* **DATA SECTION**:
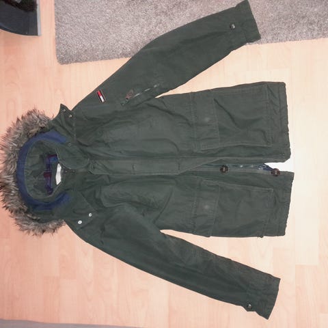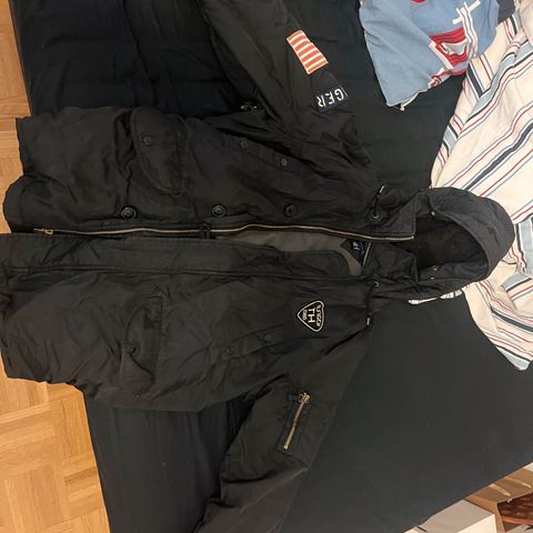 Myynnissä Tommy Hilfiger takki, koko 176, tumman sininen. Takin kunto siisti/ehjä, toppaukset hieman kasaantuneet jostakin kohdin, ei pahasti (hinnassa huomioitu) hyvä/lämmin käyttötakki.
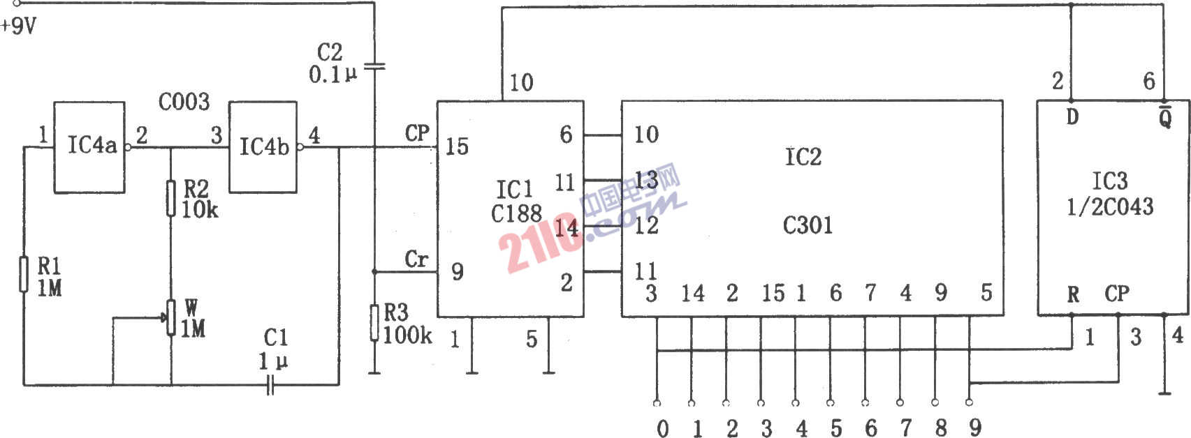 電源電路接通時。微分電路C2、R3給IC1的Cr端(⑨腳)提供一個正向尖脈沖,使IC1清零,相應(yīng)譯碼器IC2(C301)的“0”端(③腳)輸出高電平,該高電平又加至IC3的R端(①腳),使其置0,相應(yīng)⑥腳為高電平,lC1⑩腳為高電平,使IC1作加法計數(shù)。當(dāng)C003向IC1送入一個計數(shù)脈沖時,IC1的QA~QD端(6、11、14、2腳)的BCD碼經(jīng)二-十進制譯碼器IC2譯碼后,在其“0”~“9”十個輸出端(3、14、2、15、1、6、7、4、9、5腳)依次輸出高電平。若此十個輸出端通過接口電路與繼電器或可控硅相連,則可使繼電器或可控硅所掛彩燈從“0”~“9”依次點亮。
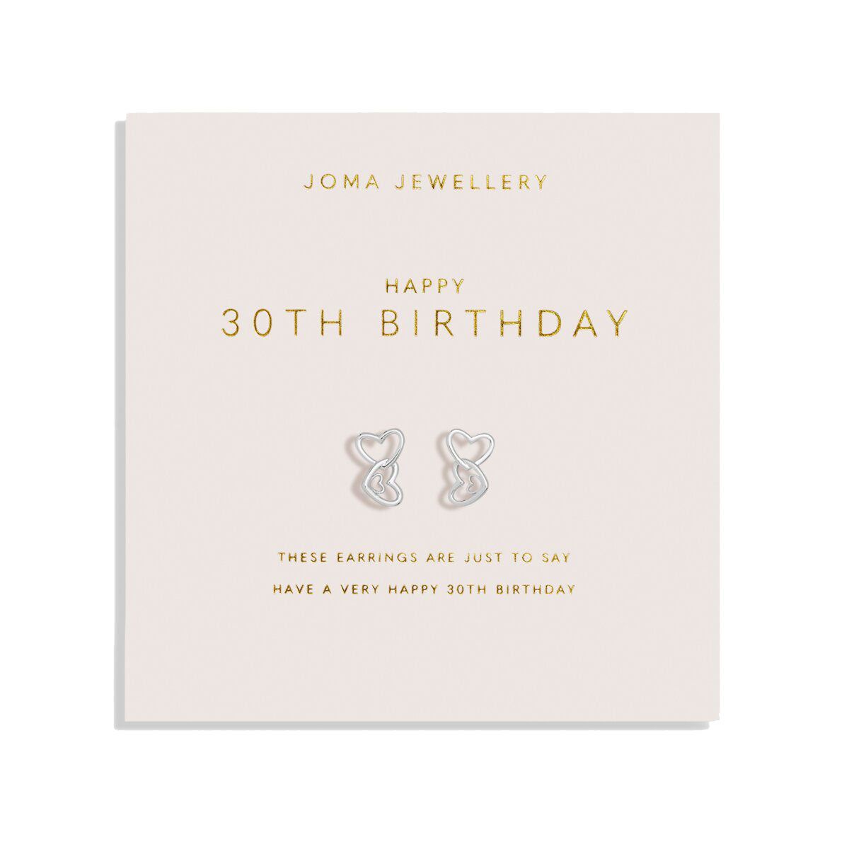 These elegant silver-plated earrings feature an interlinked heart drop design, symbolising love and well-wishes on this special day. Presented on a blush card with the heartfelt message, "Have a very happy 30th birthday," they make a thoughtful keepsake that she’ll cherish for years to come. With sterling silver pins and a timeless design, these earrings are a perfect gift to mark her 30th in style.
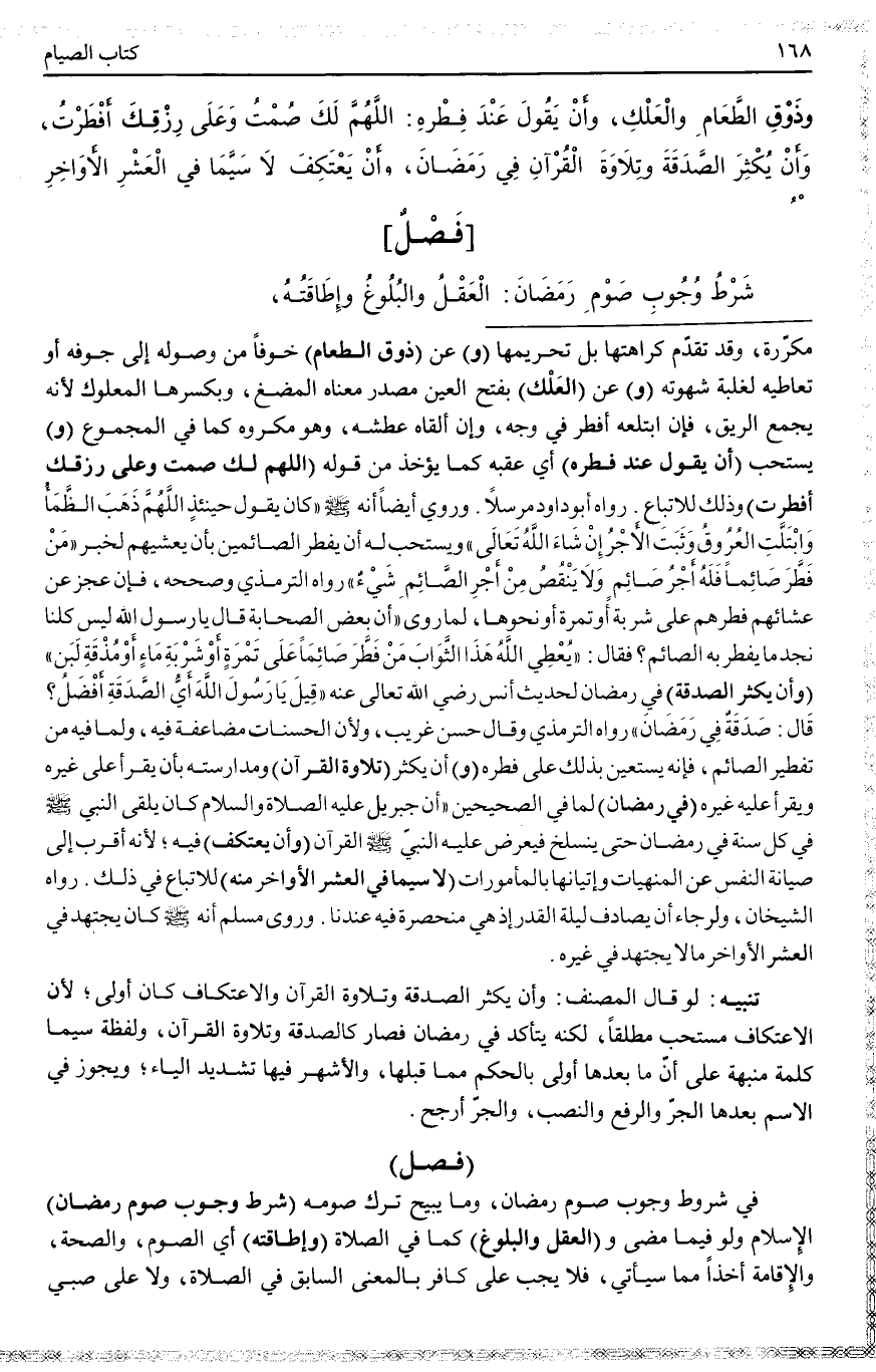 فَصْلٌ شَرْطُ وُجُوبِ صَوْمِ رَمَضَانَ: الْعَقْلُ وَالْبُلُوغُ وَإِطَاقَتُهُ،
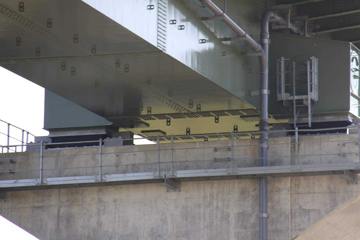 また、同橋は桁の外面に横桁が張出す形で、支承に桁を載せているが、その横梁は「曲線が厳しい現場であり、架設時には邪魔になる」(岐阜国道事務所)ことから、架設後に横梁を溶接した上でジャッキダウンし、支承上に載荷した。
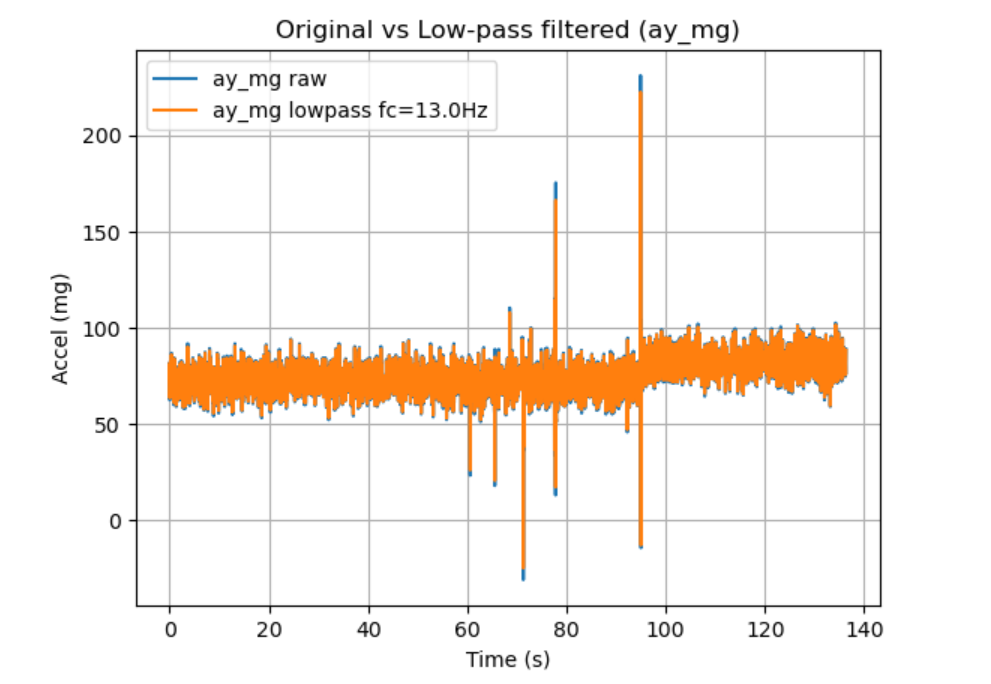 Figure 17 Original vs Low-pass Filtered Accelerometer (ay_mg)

* **WHAT YOU NEED TO DO**: Only the lines from the line with "فَصْلٌ شَرْطُ وُجُوبِ" to the bottom of the material above should be reproduced, exactly and without pictures.

* **YOUR SOLUTION**:
 فَصْلٌ شَرْطُ وُجُوبِ صَوْمِ رَمَضَانَ: الْعَقْلُ وَالْبُلُوغُ وَإِطَاقَتُهُ،
 また、同橋は桁の外面に横桁が張出す形で、支承に桁を載せているが、その横梁は「曲線が厳しい現場であり、架設時には邪魔になる」(岐阜国道事務所)ことから、架設後に横梁を溶接した上でジャッキダウンし、支承上に載荷した。
 Figure 17 Original vs Low-pass Filtered Accelerometer (ay_mg)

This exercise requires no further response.